“It sends, it’s crazy! says Éric Ruf, the general administrator of the Comédie-Française, enthusiastic about the beauty of Puccini’s music and the talent of the singers, after a rehearsal of La Bohème at the Théâtre des Champs-Élysées. Coming out of the show a few days later, we can only prove him right.

Crazy indeed, the musical splendor of this production: the National Orchestra of France which shimmers under the direction of Lorenzo Passerini, the sometimes fiery, sometimes delicate Mimi camped by the Italian soprano Selene Zanetti, and an exceptional Rodolfo, the Samoan tenor Pene Pati, who will be heard this summer at the Festival d’Aix-en-Provence in Lucia di Lamermoor and whose vocal power evokes the young Luciano Pavarotti.

If this Bohemia dazzles, it is also by its staging. “I like to match what people expect without giving it to them completely,” explains Éric Ruf. I don’t want to create an initial disappointment. With La Bohème, we want the sets, the costumes, the snow… Let it be beautiful. And how beautiful!

The action takes place in a theater where Rodolfo and his comrades in misery repaint the curtain. In the exterior scenes, the landscape surmounted by a Fellini moon looks like a deserted Cinecittà. At the Café Momus, the warm lights and the orange dress of Musetta (Amina Edris) evoke a painting by Toulouse-Lautrec.

Magnificent director of actors, Éric Ruf succeeds as well in the scenes of camaraderie full of humor between Rodolfo and his companions as the dazzle of the romantic encounter. And offers us this gift: the impression of discovering the most seen and revisited of Puccini’s operas with the emotion of the first time.

Le Point: Do you like melodrama, this theatrical genre to which La Bohème owes so much?

This moment, at the end of Act III, when the couple of Rodolfo and Mimi are about to say goodbye and then decide that they could love each other until spring… They make a bet on the future and c t is a very beautiful love duet, suddenly interrupted by the sound of saucepans, a trivial argument between the other couple. We abruptly change our tone. I also think of that moment, in Act IV, where the friends are joking around, fooling around when suddenly someone comes along to announce that Mimi is going to die. These are fundamentally theatrical axes.

What do you think of the booklet after this in-depth work?

The preconception that I often have about opera librettos is that it’s written on the corner of the table, that it doesn’t count that much with regard to the music. Nothing could be further from the truth! We realize while working on the scenes that the librettists [Giuseppe Giacosa and Luigi Illica, editor’s note], in close connection with Puccini, have a real knowledge of the human soul. It’s very rich, nothing is cliché, whereas we think that melodrama is a series of clichés. When you go inside, there is literature. Enough to create a whole network of meaning.

And the music ?

Puccini is infinitely theatrical.

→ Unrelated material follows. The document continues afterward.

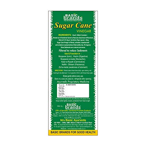 BASIC AYURVEDA Sugar Cane Vinegar With Mother 450ml Pack Of 4 |

We can’t help crying, our hearts are filled with enthusiasm. The power of the singers in this repertoire, the power of the orchestra, for me, a man of the theatre, it’s wonderful. In the theatre, we reach a ceiling quickly, we cannot draw these weapons. I’m like a kid in front of a cavalcade: tessitura, scales, beauty!

In the scene of their meeting, Rodolfo, after seeing this young woman and beginning to seduce her, stops to tell her: “I would like you to know who I am, I am a poet, I write. It’s a real romantic encounter, magnificent in height, in delicacy.

And then it’s up to her. She said, “I live up there, I don’t have anything, I do embroidery… that’s enough for me, I make flowers.” This work is also touching for that: Puccini puts all his music at the service of little destinies, this discreet woman, who will have barely known love, who dies of tuberculosis…

Why set the action in theater sets?

Puccini and the librettists stage a philosopher, a poet, a musician, a painter… That is to say, they tell the story of themselves. Bohemia is a relationship to life, to the imagination, a quality of invention… In the first act, we see this boy who is cold. So, because he has no wood, he burns his work that no one knows about. And the friends have the humor to comment on the literary quality of the text in the light of the flickering flame. We want to love them. I thought of Chaplin eating his shoe in The Gold Rush. There is courage, greatness.

I try not to interfere with the great musical moments, not to put my ink in the aquarium. It’s such fun these tunes, almost like circus art. We hang on the tightrope walker, we want it to get to the other end, and we don’t breathe all the while. I try that these airs are not heroic, that something of love, jealousy, annoyance pushes the characters each time to go upmarket.

At the opera, I don’t decide the time. You can’t change the rhythm of a scene, unlike in theatre. This constraint is fertile: time exists with a real density and when there are two seconds of silence, it takes on an extraordinary value.

“La Bohème” by Giacomo Puccini. Directed by Eric Ruf. With Selene Zanetti, Pene Pati, Alexandre Duhamel, Francesco Salvadori, Guilhem Worms, Amina Edris. Musical direction: Lorenzo Passerini. Orchester national de France, at the Théâtre des Champs-Élysées until June 24.